Items from a dataset
================================
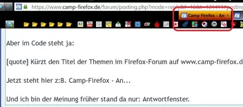 Früher war das nicht so. Ich habe dieses Script selbst lange genutzt, eben weil früher Camp Firefox - Titel des Threads im Tab stand. Warum das im Antwortfenster immer noch so ist oder ob früher wirklich nur Antwortfenster im Tab stand weiß ich nicht.
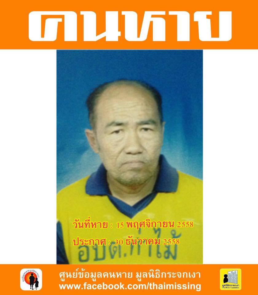 คนหาย !!! ชื่อคุณชัชวาลย์ สร้อยสนไพบูลย์ หรือชัชวาล อายุ 53 ปี รูปร่างท้วม สูงประมาณ 165 ซม. ผิวขาว ผมบาง หายออกจากบ้านอ. กระทุ่มแบน จ.สมุทรสาคร ตั้งแต่วันที่ 15 พฤศจิกายน 2558
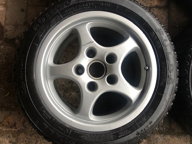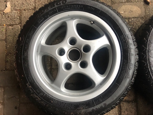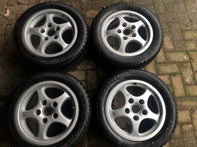 Originele cup porsche velgen 16 inch. De set is voorzien van goede banden. De velgen hebben wat beschadigingen. 2 stuks voor 6jx16 et52 met banden 205/55R16 en 2 stuks achter 8jx16 et 52 met banden 225/50R16. prijs 450 euro
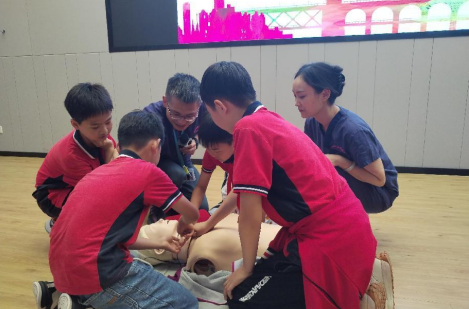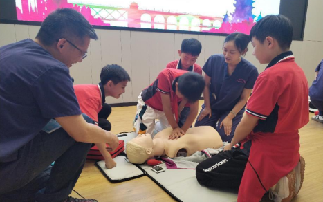 为达到更好的实操效果,学习现场设置了2组人体模型,青少年争先恐后上台现场进行海姆立克、心肺复苏紧急救治演练,让理论化的动作要领变得更加通俗易懂。看到学生的演练,韦主任忍不住称赞:“虽然是第一次尝试,但是动作很规范。”
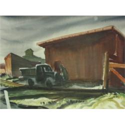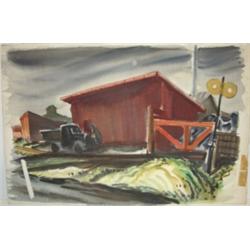 Okerbloom, Charles I. (attributed) watercolor painting of railroad crossing scene. Unsigned and unframed. 22.75" x 15.25" unframed.
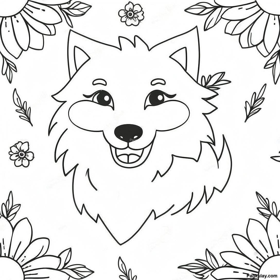 Mabalahibong Wolf Na May Mga Bulaklak Pahina Ng Kulay
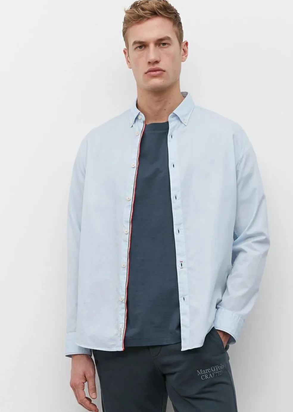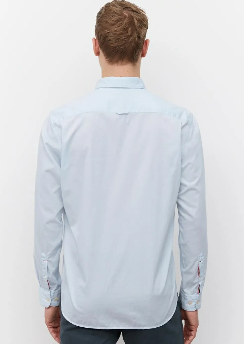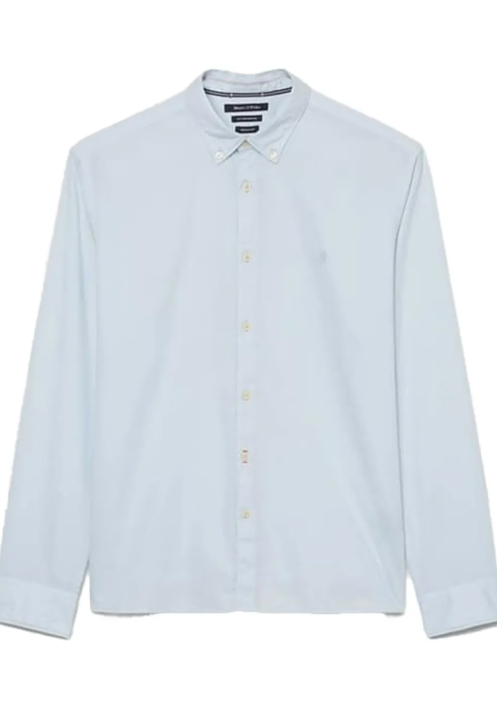 Lichtblauw Modern en stijlvol shirt wat heerlijk draagt en altijd goed staat. Het overhemd van Marc O’Polo heeft lange mouwen. Een heren overhemd met lange mouwen is ideaal voor iedere gelegenheid. Door de uitvoering in een structuurweving zit er wat afwisseling in de stof voor een stijlvol resultaat. Het shirt heeft een sportieve button-down kraag die meestal zonder stropdas gedragen wordt. Door de knoopjes in de boordpunten waarmee de punten van de kraag vastgezet kunnen worden aan het hemd, blijft de kraag mooi zitten. Het hemd heeft geen borstzak. Model met lange mouwen.
================================
> _EXERCISE OBJECTIVE_: Output each record verbatim and leave out its pictures.

> _TASK ANSWER_:
 Früher war das nicht so. Ich habe dieses Script selbst lange genutzt, eben weil früher Camp Firefox - Titel des Threads im Tab stand. Warum das im Antwortfenster immer noch so ist oder ob früher wirklich nur Antwortfenster im Tab stand weiß ich nicht.
 คนหาย !!! ชื่อคุณชัชวาลย์ สร้อยสนไพบูลย์ หรือชัชวาล อายุ 53 ปี รูปร่างท้วม สูงประมาณ 165 ซม. ผิวขาว ผมบาง หายออกจากบ้านอ. กระทุ่มแบน จ.สมุทรสาคร ตั้งแต่วันที่ 15 พฤศจิกายน 2558
 Originele cup porsche velgen 16 inch. De set is voorzien van goede banden. De velgen hebben wat beschadigingen. 2 stuks voor 6jx16 et52 met banden 205/55R16 en 2 stuks achter 8jx16 et 52 met banden 225/50R16. prijs 450 euro
 为达到更好的实操效果,学习现场设置了2组人体模型,青少年争先恐后上台现场进行海姆立克、心肺复苏紧急救治演练,让理论化的动作要领变得更加通俗易懂。看到学生的演练,韦主任忍不住称赞:“虽然是第一次尝试,但是动作很规范。”
 Okerbloom, Charles I. (attributed) watercolor painting of railroad crossing scene. Unsigned and unframed. 22.75" x 15.25" unframed.
 Mabalahibong Wolf Na May Mga Bulaklak Pahina Ng Kulay
 Lichtblauw Modern en stijlvol shirt wat heerlijk draagt en altijd goed staat. Het overhemd van Marc O’Polo heeft lange mouwen. Een heren overhemd met lange mouwen is ideaal voor iedere gelegenheid. Door de uitvoering in een structuurweving zit er wat afwisseling in de stof voor een stijlvol resultaat. Het shirt heeft een sportieve button-down kraag die meestal zonder stropdas gedragen wordt. Door de knoopjes in de boordpunten waarmee de punten van de kraag vastgezet kunnen worden aan het hemd, blijft de kraag mooi zitten. Het hemd heeft geen borstzak. Model met lange mouwen.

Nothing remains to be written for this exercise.